Lucas Cantor, Photo Credit: Archie Brooksbank @bladesmancontent

Every day, we are blinded by beauty.  We walk past buildings that are designed by geniuses, drive over bridges that took generations to build, and ignore hours of “background music” in every coffee shop, clothing store, and lobby we wander through.  There are so many beautiful things in the world that our mind has to work actively to filter them out. 

            Currently, there are about 70 million songs on Spotify.  If you decided to listen to all of them, streaming 24 hours a day, it would take you 500 years.  Songs are being added at a rate of 20 million per year so by the time you finished listening to all 70 million songs, 500 years from now, you’d only have heard 1% of the music available to you.  
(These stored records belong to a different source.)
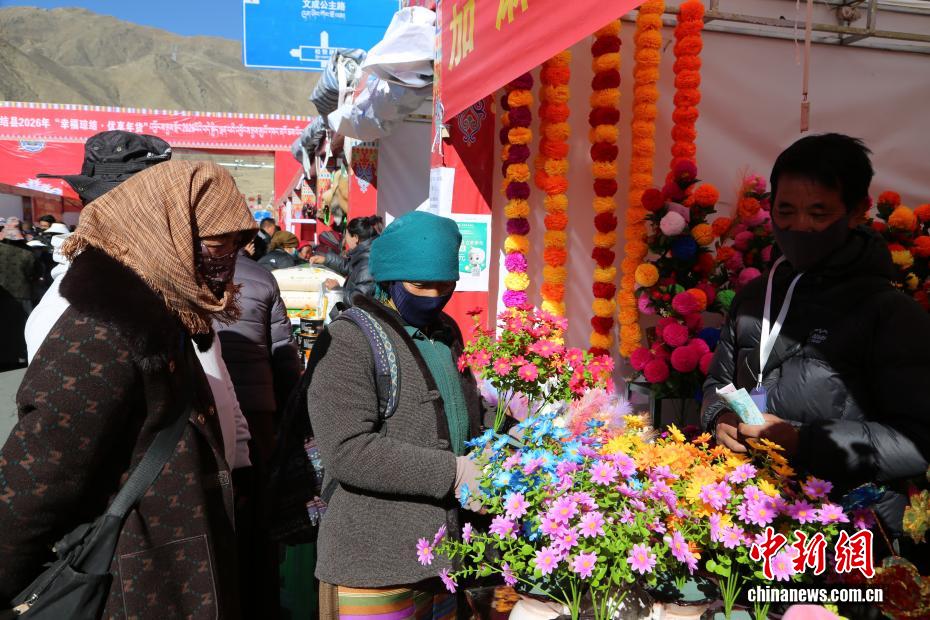 2月2日,西藏自治區(qū)山南市瓊結(jié)縣2026年“幸福瓊結(jié)·優(yōu)享年貨”促消費(fèi)暨展銷活動(dòng)在朗熱大道啟幕,為春節(jié)、藏歷新年預(yù)熱添彩。本次活動(dòng)由瓊結(jié)縣投入200萬元人民幣打造,為期7天,吸引103家商戶入駐,其中73家為本地商戶,帶來150余種特色商品,高原農(nóng)產(chǎn)、藏式手工藝品、傳統(tǒng)年貨齊聚現(xiàn)場(chǎng),盡顯藏地年味?;顒?dòng)推出農(nóng)業(yè)銀行掌銀立減優(yōu)惠,民眾無需領(lǐng)券即可享實(shí)惠,現(xiàn)場(chǎng)還設(shè)置咨詢臺(tái)與宣傳點(diǎn),切實(shí)保障消費(fèi)安全。圖為民眾在選購塑料花。倫珠澤仁 攝
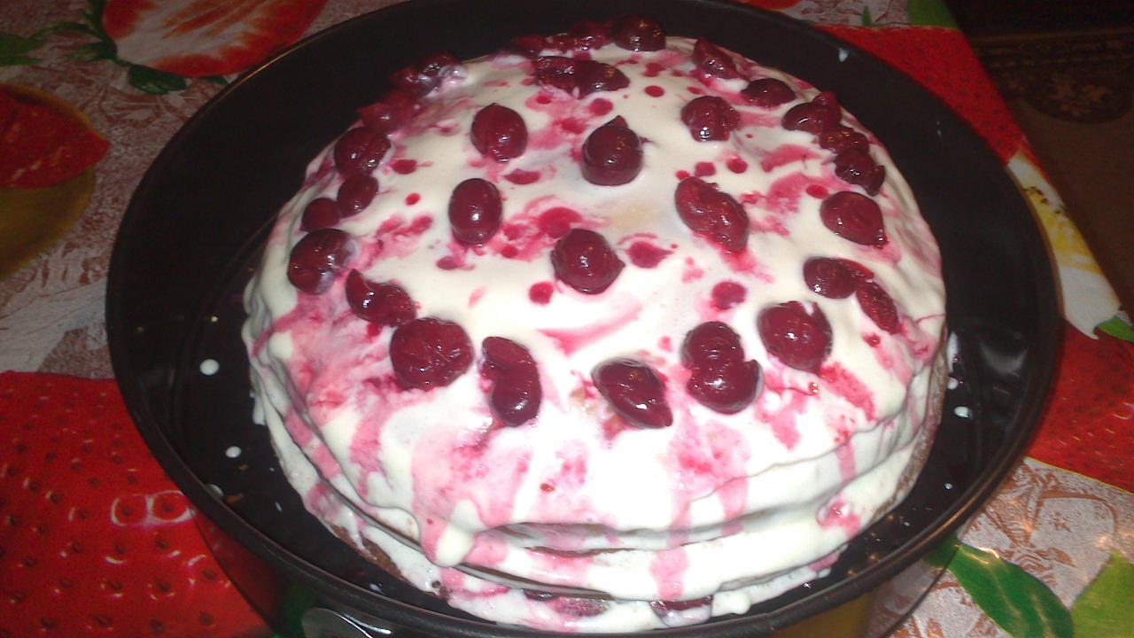 Внутри: размороженная вишня, удалила косточки, добавила водички с сахаром и закипятила все вместе для пропитки коржей.
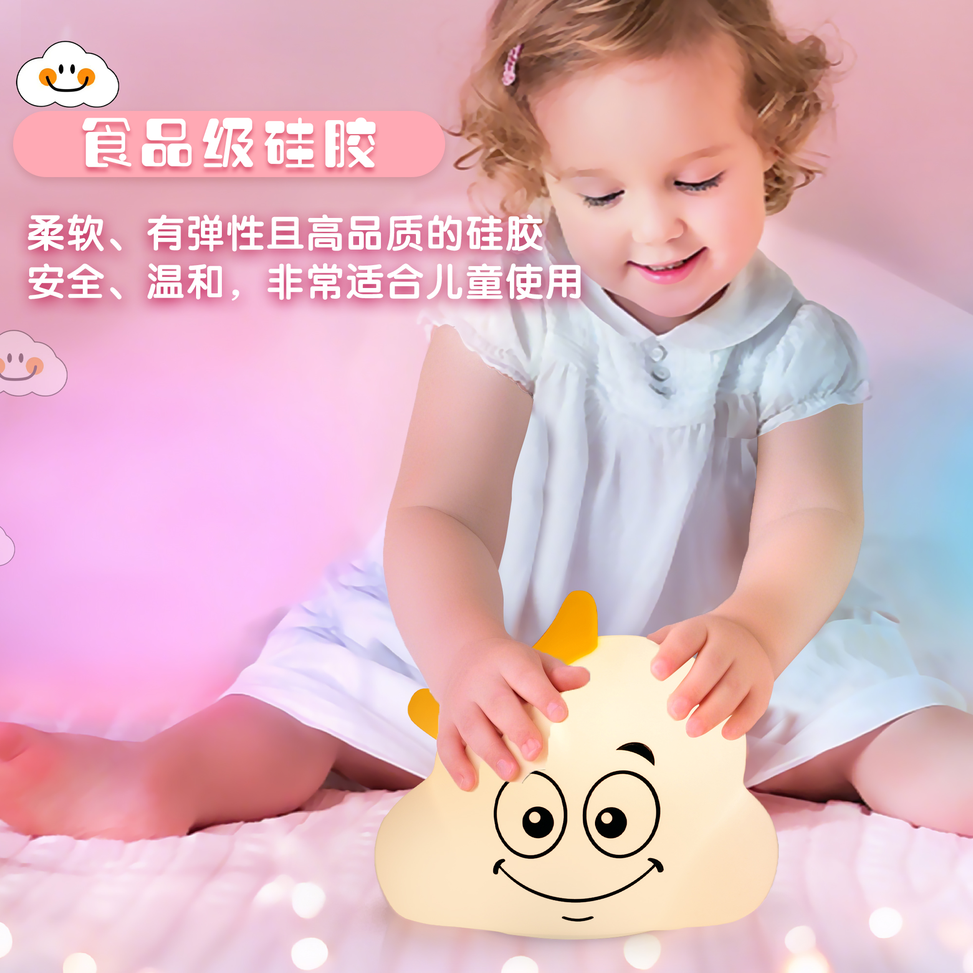卡通造型柔光燈硅膠拍拍拍拍燈兒童護(hù)眼小夜燈
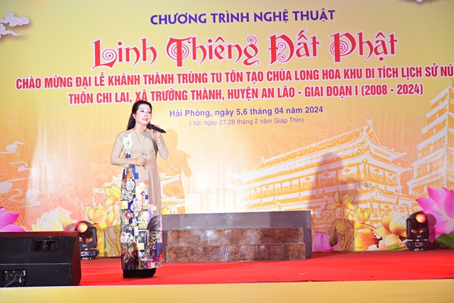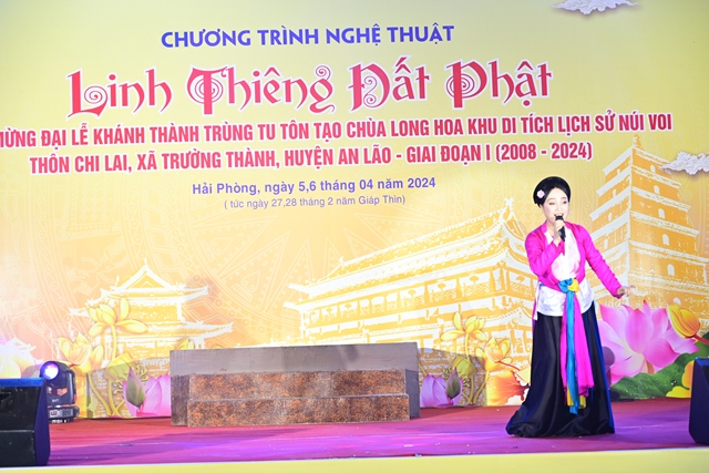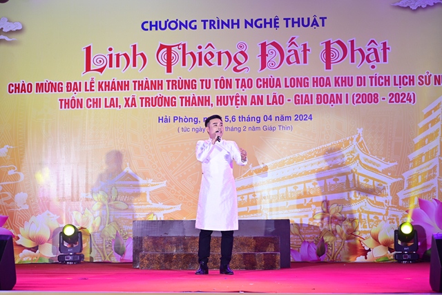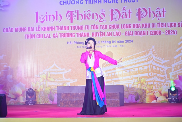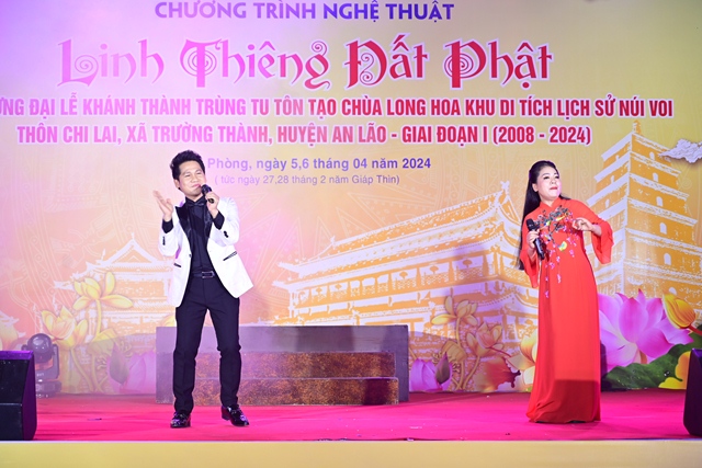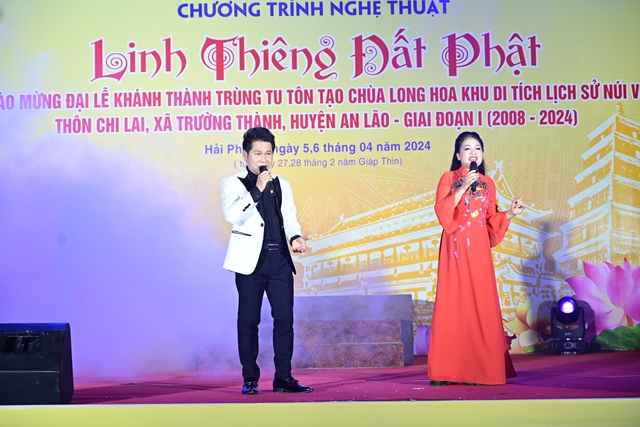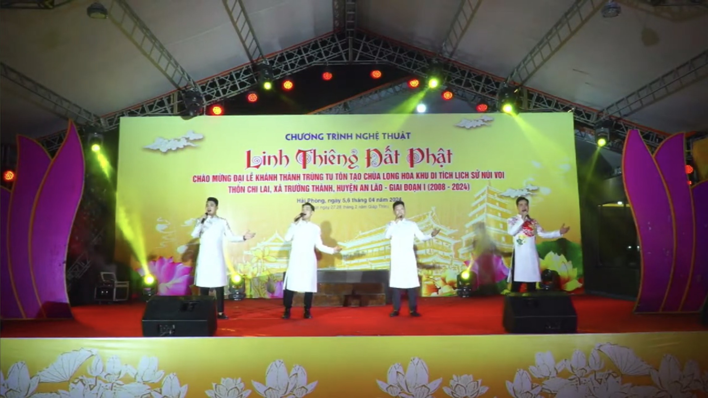 Tối ngày 06/04/2024 ( nhằm ngày 28/02 năm Giáp Thìn) tại chùa Long Hoa (Thôn Chi Lai, xã Trường Thành, huyện An Lão, thành phố Hải Phòng) đã diễn ra đêm nghệ thuật “ Linh thiêng Đất Phật” chúc mừng Đại lễ khánh thành chùa Long Hoa giai đoạn 1 ( 2008 – 2024). Đêm nghệ thuật quy tụ rất nhiều văn nghệ sỹ, ca sỹ có tên tuổi, có tầm ảnh hưởng rất lớn tại Việt Nam.

            To tap into this vast ocean of beauty, all we need to do is pay attention.  

The world is a museum and we have a membership for as long as we’re alive. 
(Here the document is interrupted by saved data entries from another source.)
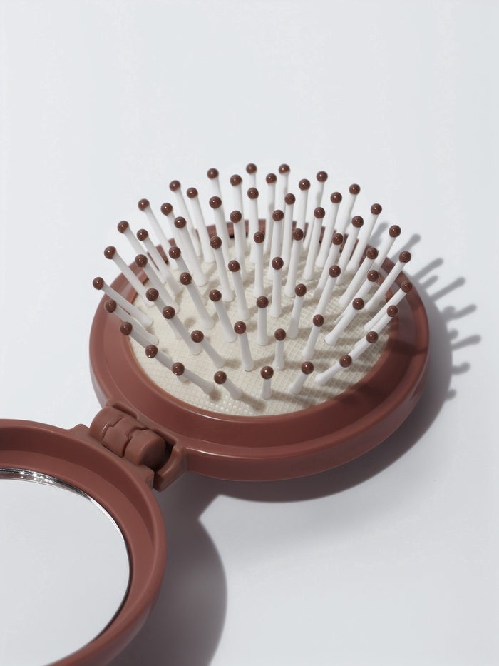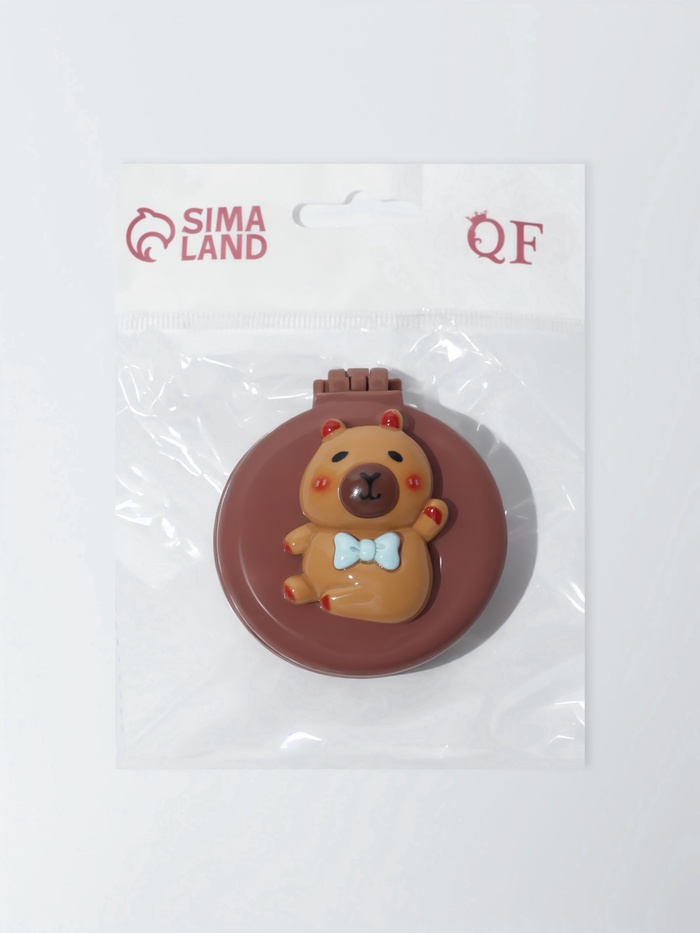 Расчёска массажная «Капибара», складная, с зеркалом, d=6.5 см, коричневая 4 фото
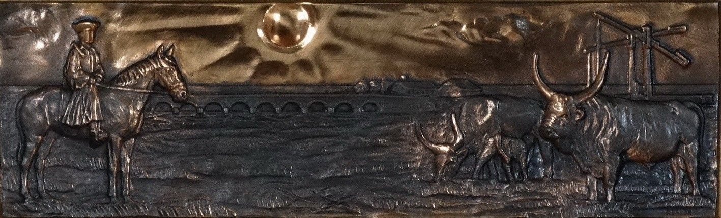 bronz relief, fára applikálva, jjl., 12,5 x 41,5 cm
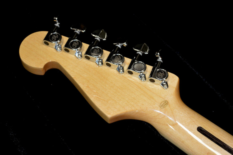 ピックガードはお洒落で高級感のあるホワイトパール柄です。ペグにはGrover Miniタイプのロトマチック使用で、
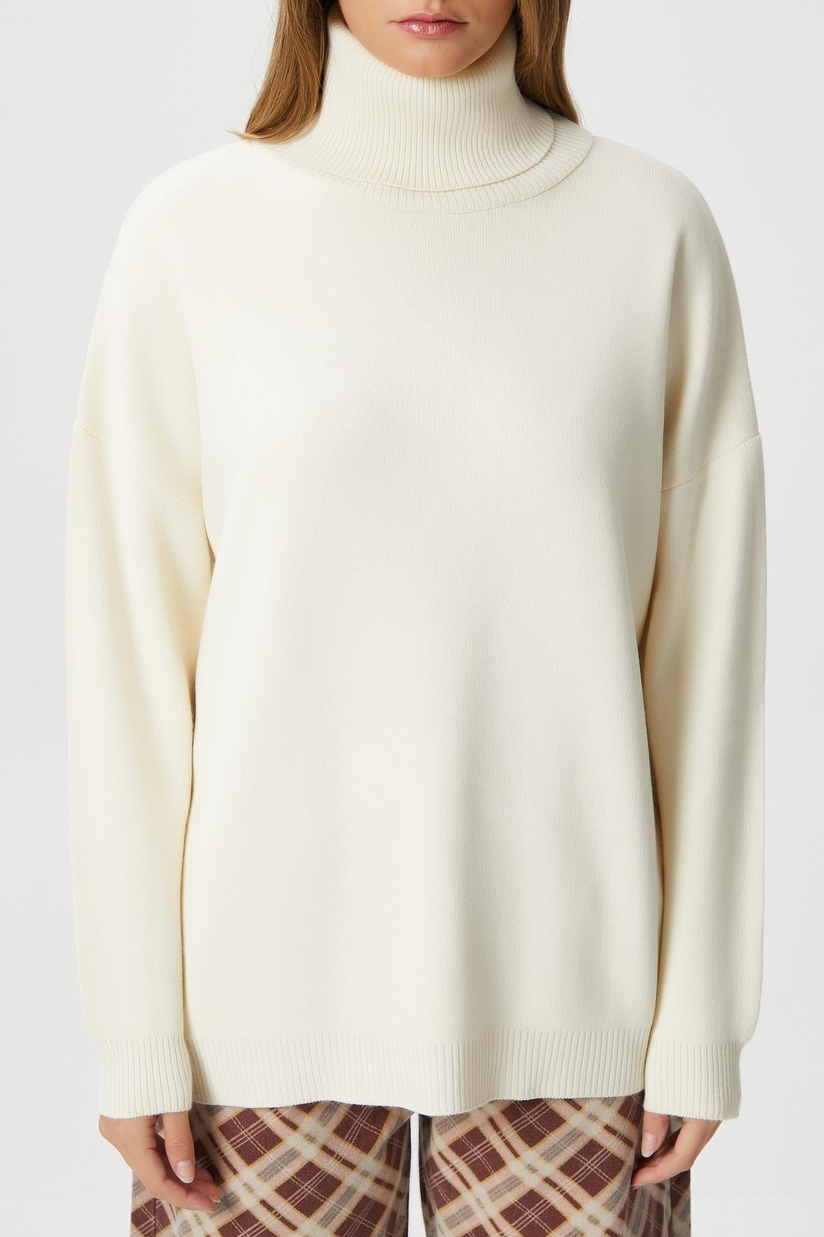 Kadın Teresa Balıkçı Yaka Oversize Triko KazakModel Boy 176 cm Göğüs 88 , Bel 62, Basen 93 cm

            Does this mean that you should take out your ear buds and listen to the sounds around you?  Maybe, but what’s playing in your earbuds is beautiful too.  Does it mean you should stop looking at your phone? Maybe, but your phone and the content you can access with it is the collective project of millions of artists, programmers and technicians.  It’s one of the most amazing things that human beings have ever created.

            I think the sheer volume of beauty in this world means one thing:  You can live your whole life and never lose your sense of wonder.  There are so many amazing things at your fingertips.  Even your fingertips themselves are beautiful… go ahead, look at them.  
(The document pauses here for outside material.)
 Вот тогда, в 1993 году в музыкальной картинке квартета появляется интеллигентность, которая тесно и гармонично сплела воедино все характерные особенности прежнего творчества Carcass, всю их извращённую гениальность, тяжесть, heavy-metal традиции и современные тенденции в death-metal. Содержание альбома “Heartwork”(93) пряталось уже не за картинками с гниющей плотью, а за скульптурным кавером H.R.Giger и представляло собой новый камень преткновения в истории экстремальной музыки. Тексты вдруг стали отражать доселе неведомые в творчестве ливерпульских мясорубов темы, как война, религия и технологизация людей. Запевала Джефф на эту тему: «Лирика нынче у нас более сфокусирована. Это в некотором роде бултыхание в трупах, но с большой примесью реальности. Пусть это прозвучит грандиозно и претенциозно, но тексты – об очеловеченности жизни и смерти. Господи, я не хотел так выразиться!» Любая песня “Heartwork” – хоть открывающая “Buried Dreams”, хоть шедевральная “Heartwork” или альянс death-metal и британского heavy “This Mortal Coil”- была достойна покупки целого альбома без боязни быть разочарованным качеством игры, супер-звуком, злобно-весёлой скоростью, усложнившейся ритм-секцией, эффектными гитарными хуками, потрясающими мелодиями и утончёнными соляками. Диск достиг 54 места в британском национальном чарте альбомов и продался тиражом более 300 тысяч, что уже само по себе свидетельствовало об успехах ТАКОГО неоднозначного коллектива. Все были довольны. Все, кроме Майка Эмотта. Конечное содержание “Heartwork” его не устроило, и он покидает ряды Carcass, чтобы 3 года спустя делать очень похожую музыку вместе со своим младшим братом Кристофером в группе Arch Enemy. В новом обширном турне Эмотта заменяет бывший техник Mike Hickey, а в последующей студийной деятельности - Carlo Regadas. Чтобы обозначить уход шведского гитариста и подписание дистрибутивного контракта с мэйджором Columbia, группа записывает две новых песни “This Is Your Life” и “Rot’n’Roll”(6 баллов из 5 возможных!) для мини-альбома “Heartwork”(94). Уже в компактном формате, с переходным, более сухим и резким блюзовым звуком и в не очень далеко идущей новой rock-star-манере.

It’s not easy to filter out the beauty around you.  Its work for your mind, but it becomes habitual and we get stuck in ruts where all we see are the blank spaces our minds create to shield us from constant distraction.

            Have you ever opened Spotify and thought, “ughhh, I’m sick of these songs?”

Sometimes I open Spotify and I’m overwhelmed by my choices, and sometimes, I’m overwhelmed by the idea that there’s music available that I would love, but that I’ll never hear. 

There’s more good music available instantly than one human could ever listen to in a lifetime.  

That feeling of “ughhh I’m sick of these songs” is just your mind being tired of all the choices.   Give your mind a break.  Listen to a random piece of music and try to understand why someone loved it enough to make it.  Especially try listening to music that you know millions of people like and you’re just not one of them.  I used to describe my taste in music as “everything but country”.  I grew to appreciate Country music, simply by trying to understand why so many other people appreciate it.  There’s more to life than what we’ve decided to see.  We can go deeper into the world anytime by just taking a breath and allowing ourselves to experience the beauty all around us.